→ **ASSIGNED TASK**:
Print the records below exactly, from the line containing "Kirkbride. (Khouri, R." down to the line containing "Nazar boncuklu makrome", both lines included, and omit every picture.

→ **THE DATA**:

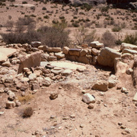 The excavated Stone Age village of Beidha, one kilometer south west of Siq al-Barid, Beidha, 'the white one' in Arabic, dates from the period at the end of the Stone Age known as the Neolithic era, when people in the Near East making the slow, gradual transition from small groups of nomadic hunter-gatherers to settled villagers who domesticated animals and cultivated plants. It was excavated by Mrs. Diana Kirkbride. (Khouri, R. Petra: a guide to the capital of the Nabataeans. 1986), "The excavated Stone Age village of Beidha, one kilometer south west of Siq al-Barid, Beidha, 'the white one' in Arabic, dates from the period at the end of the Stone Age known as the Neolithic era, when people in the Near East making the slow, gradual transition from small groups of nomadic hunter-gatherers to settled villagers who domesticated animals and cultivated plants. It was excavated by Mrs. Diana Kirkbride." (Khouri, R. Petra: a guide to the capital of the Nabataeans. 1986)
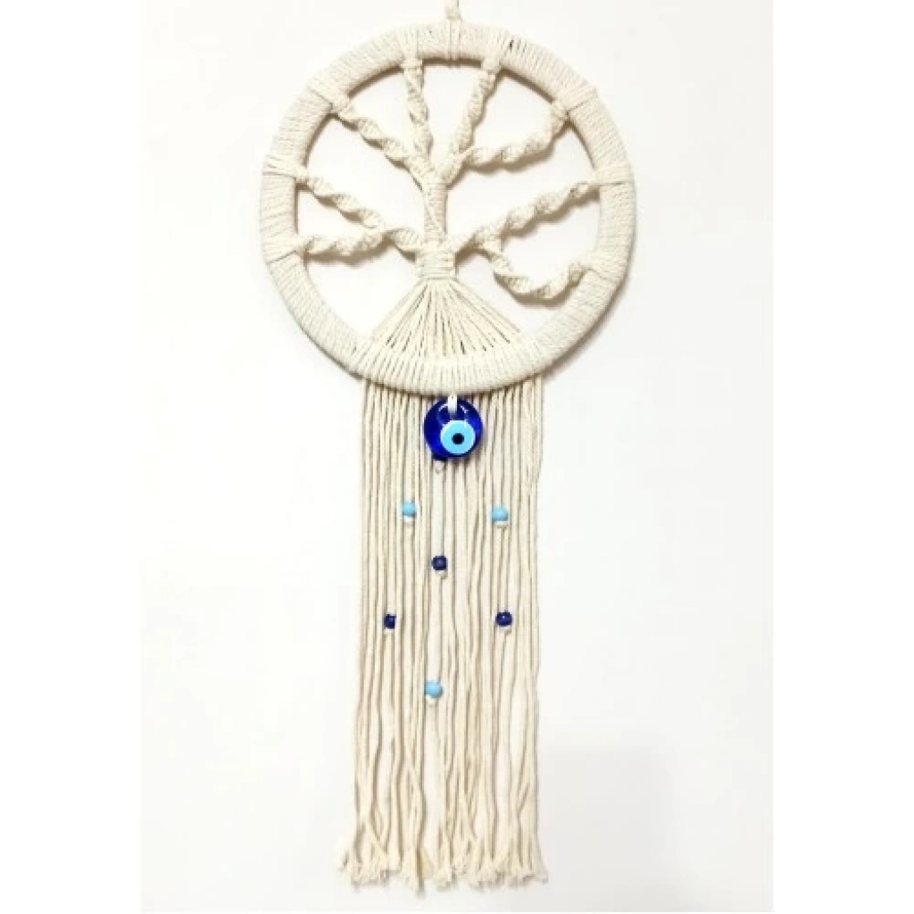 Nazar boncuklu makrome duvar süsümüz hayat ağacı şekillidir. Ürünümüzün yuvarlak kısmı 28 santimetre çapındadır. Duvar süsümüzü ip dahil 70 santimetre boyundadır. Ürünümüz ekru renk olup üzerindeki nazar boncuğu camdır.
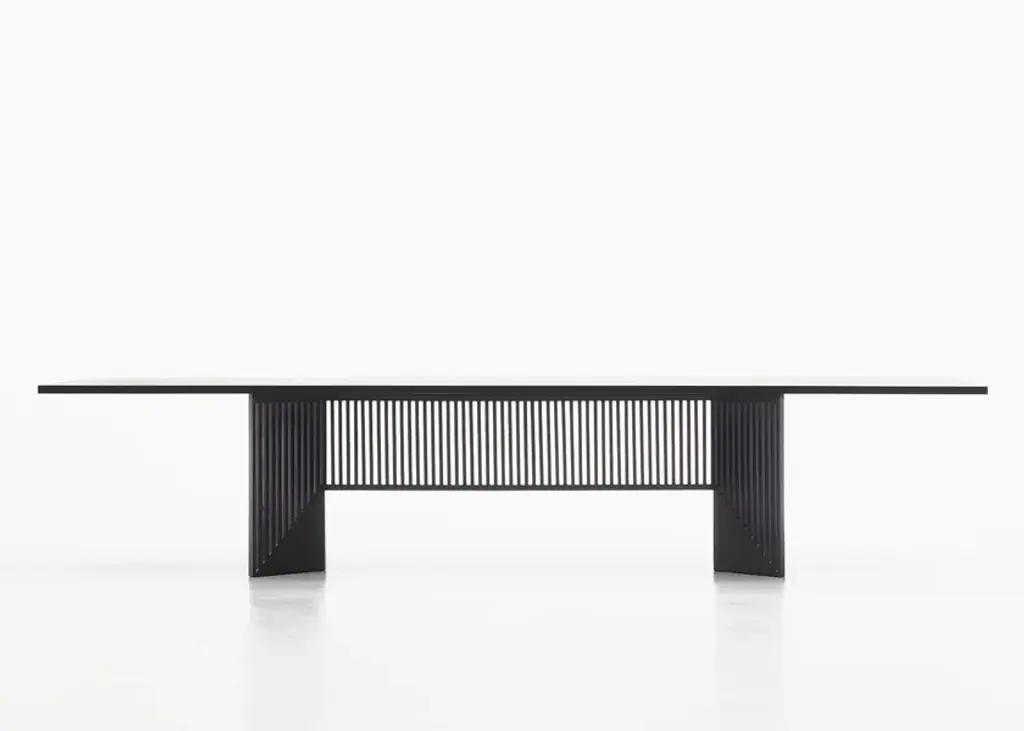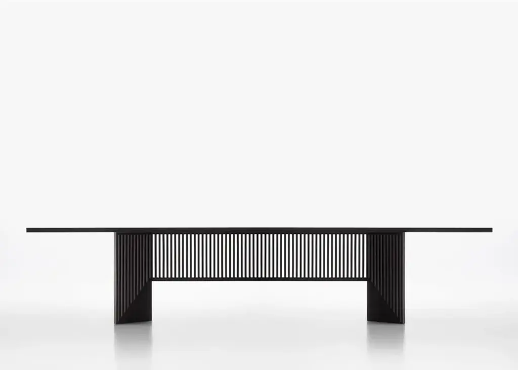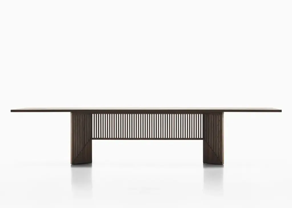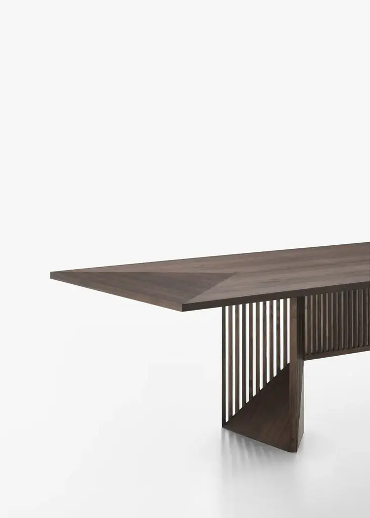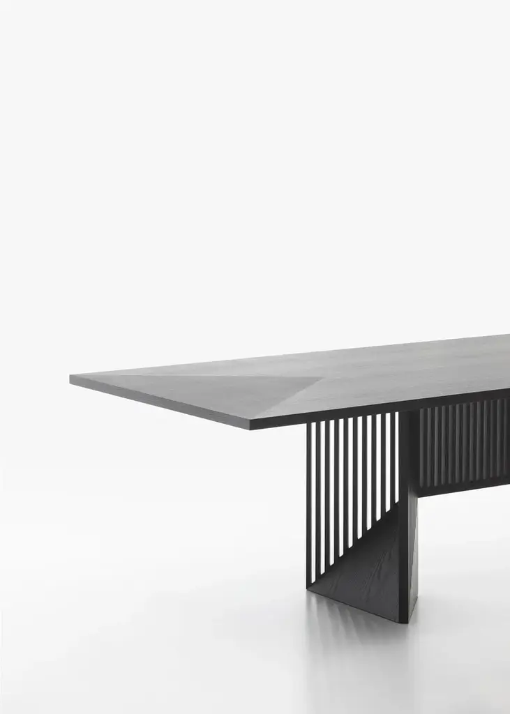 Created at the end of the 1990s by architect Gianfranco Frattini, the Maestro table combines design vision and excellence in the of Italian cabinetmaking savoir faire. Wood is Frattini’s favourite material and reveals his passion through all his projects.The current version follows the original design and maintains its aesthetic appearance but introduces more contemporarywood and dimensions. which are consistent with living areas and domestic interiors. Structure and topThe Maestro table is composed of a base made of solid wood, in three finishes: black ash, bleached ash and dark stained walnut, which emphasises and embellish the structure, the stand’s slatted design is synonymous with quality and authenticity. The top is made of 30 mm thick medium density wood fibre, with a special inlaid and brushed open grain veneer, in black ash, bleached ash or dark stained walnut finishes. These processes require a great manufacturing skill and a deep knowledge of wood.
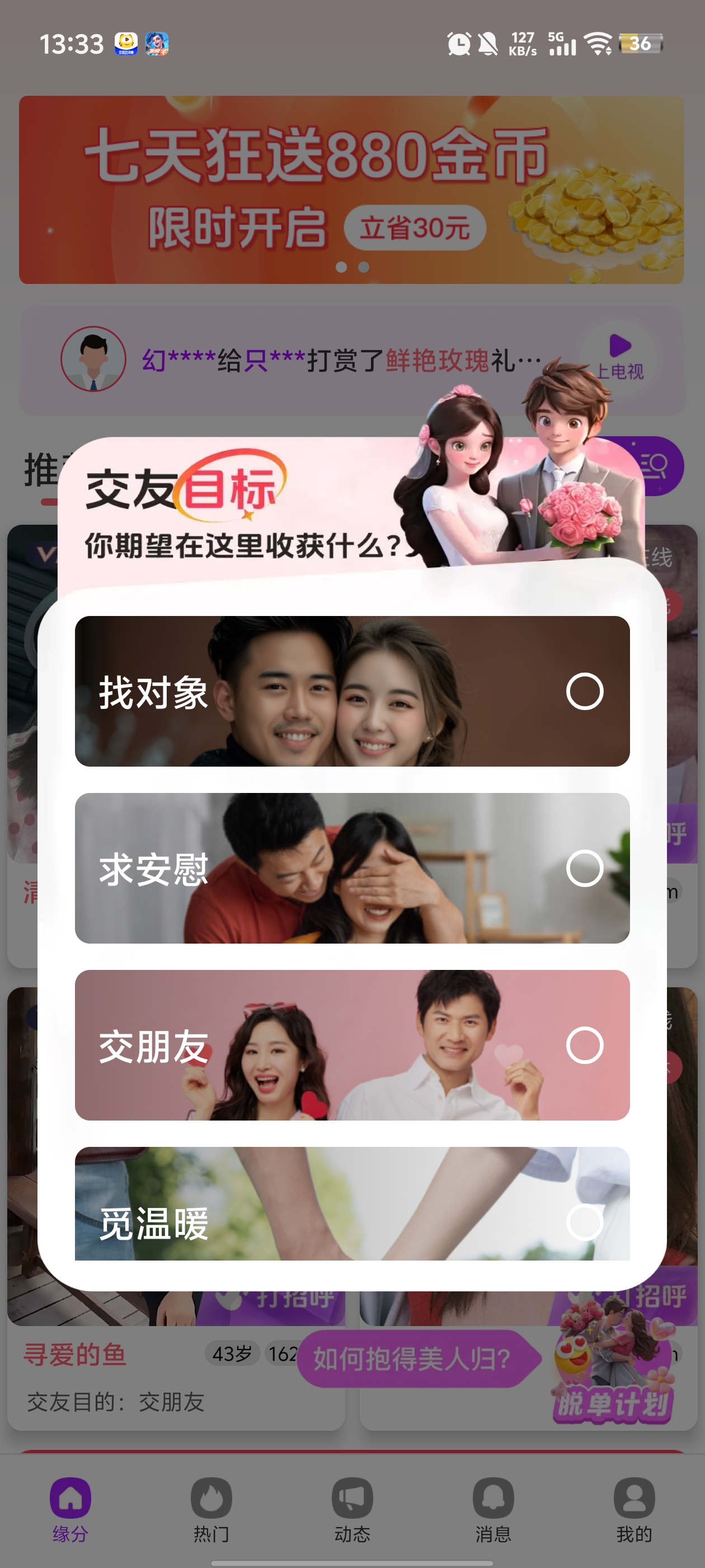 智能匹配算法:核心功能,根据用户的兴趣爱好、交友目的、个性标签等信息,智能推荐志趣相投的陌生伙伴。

---

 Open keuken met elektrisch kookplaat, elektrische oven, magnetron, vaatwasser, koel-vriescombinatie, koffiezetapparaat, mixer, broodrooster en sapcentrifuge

--

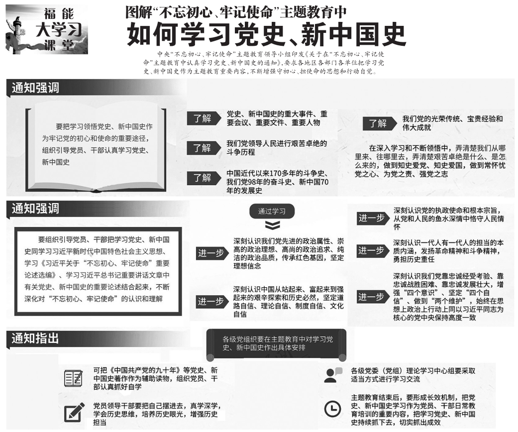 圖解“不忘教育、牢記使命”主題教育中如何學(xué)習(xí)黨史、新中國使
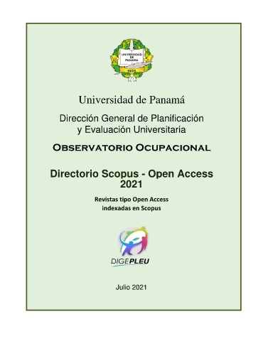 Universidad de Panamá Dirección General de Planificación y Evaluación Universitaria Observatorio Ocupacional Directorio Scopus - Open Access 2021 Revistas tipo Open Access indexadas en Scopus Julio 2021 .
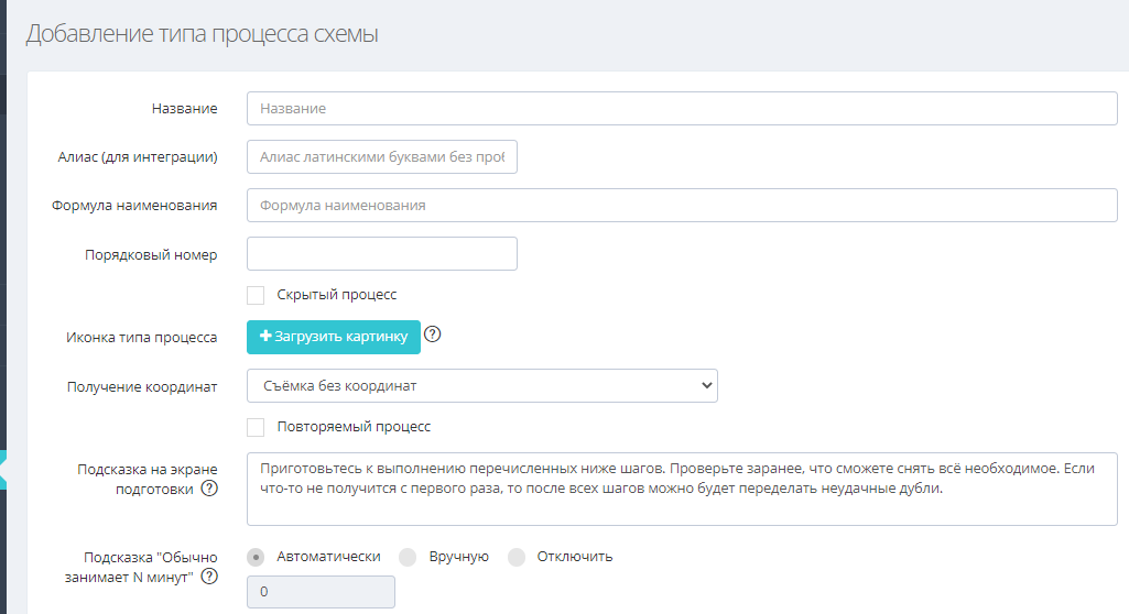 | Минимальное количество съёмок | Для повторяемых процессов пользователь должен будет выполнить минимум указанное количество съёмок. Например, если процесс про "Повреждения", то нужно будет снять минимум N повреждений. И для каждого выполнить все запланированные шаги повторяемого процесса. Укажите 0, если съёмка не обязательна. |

→ **EXERCISE RESULT**:
 The excavated Stone Age village of Beidha, one kilometer south west of Siq al-Barid, Beidha, 'the white one' in Arabic, dates from the period at the end of the Stone Age known as the Neolithic era, when people in the Near East making the slow, gradual transition from small groups of nomadic hunter-gatherers to settled villagers who domesticated animals and cultivated plants. It was excavated by Mrs. Diana Kirkbride. (Khouri, R. Petra: a guide to the capital of the Nabataeans. 1986), "The excavated Stone Age village of Beidha, one kilometer south west of Siq al-Barid, Beidha, 'the white one' in Arabic, dates from the period at the end of the Stone Age known as the Neolithic era, when people in the Near East making the slow, gradual transition from small groups of nomadic hunter-gatherers to settled villagers who domesticated animals and cultivated plants. It was excavated by Mrs. Diana Kirkbride." (Khouri, R. Petra: a guide to the capital of the Nabataeans. 1986)
 Nazar boncuklu makrome duvar süsümüz hayat ağacı şekillidir. Ürünümüzün yuvarlak kısmı 28 santimetre çapındadır. Duvar süsümüzü ip dahil 70 santimetre boyundadır. Ürünümüz ekru renk olup üzerindeki nazar boncuğu camdır.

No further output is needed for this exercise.